That's why I'll fight to create high-paying jobs so that parents can afford to raise their children today.
That's why I'm so committed to make sure every American gets the health care that saved my mother's life and that women's health care gets the same attention as men's.
That's why I'll fight to make sure women in this country receive respect and dignity, whether they work in the home, out of the home, or both.
You want to know where I get my fighting spirit? It all started with my mother. Thank you, Mother. I love you.
When I think about opportunity for all Americans, I think about my grandfather. He ran a country store in our little town of Hope. There was no food stamps back then, so when his customers, whether they were White or Black who worked hard and did the best they could, came in with no money, well, he gave them food anyway. He just made a note of it. So did I.
Before I was big enough to see over the counter, I learned from him to look up to people other folks looked down on.
My grandfather just had a high school education- a grade school education- but in that country store he taught me more about equality in the eyes of the Lord than all my professors at Georgetown, more about the intrinsic worth of every individual that all the philosophers at Oxford, more about the need for equal justice under the law than all the jurists at Yale Law School.
If you want to know where I come by the passionate commitment I have to bringing people together without regard to race, it all started with my grandfather.
I learned a lot from another person too: a person who for more than 20 years has worked hard to help our children, paying the price of time to make sure our schools don't fail them. Someone who traveled our state for a year, studying, learning, listening, going to PTA meetings, school board meetings, town hall meetings, putting together a package of school reforms recognized around the Nation, and doing it all while building a distinguished legal career and being a wonderful, loving mother.
That person is my wife.
Hillary taught me. She taught me that all children can learn and that each of us has a duty to help them do it.
So if you want to know why I care so much about our children, and our future, it all started with Hillary. I love you. . . .
We can seize this moment, make it exciting and energizing and heroic to be American again. We can renew our faith in each other and in ourselves. We can restore our sense of unity and community.

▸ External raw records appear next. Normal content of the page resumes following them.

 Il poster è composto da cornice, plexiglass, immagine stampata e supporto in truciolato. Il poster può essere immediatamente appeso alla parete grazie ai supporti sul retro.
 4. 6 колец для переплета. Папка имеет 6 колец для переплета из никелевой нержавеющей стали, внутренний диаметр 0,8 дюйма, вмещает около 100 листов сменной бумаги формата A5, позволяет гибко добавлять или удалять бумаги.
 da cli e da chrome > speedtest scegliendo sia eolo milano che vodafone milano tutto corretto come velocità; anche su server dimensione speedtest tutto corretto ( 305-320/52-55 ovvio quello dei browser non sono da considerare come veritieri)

As the Scripture says, "our eyes have not yet seen, nor our ears heard, nor minds imagined" what we can build.
But I can't do this alone. No President can. We must do it together. It won't be easy, and it won't be quick. We didn't get into this mess overnight, and we won't get out of it overnight. But we can do it- with commitment, creativity, diversity and drive.

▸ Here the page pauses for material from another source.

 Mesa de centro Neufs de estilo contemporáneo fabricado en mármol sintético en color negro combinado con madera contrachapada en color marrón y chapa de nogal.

We can do it. We can do it.
We can do it. We can do it. We can do it.
I want every person in this hall and every person in this land to reach out and join us in a great new adventures, to chart a bold new future.
As a teenager, I heard John Kennedy's summons to citizenship. And then, as a student at Georgetown, I head that call clarified by a professor name Carol Quigley, who said to us that America was the greatest Nation in history because our people had always believed in two things- that tomorrow can be better than today and that every one of us has a personal moral responsibility to make it so.
That kind of future entered my life the night our daughter, Chelsea, was born. As I stood in the delivery room, I was overcome with the thought that God had given me a blessing my own father never knew- the chance to hold my child in my arms.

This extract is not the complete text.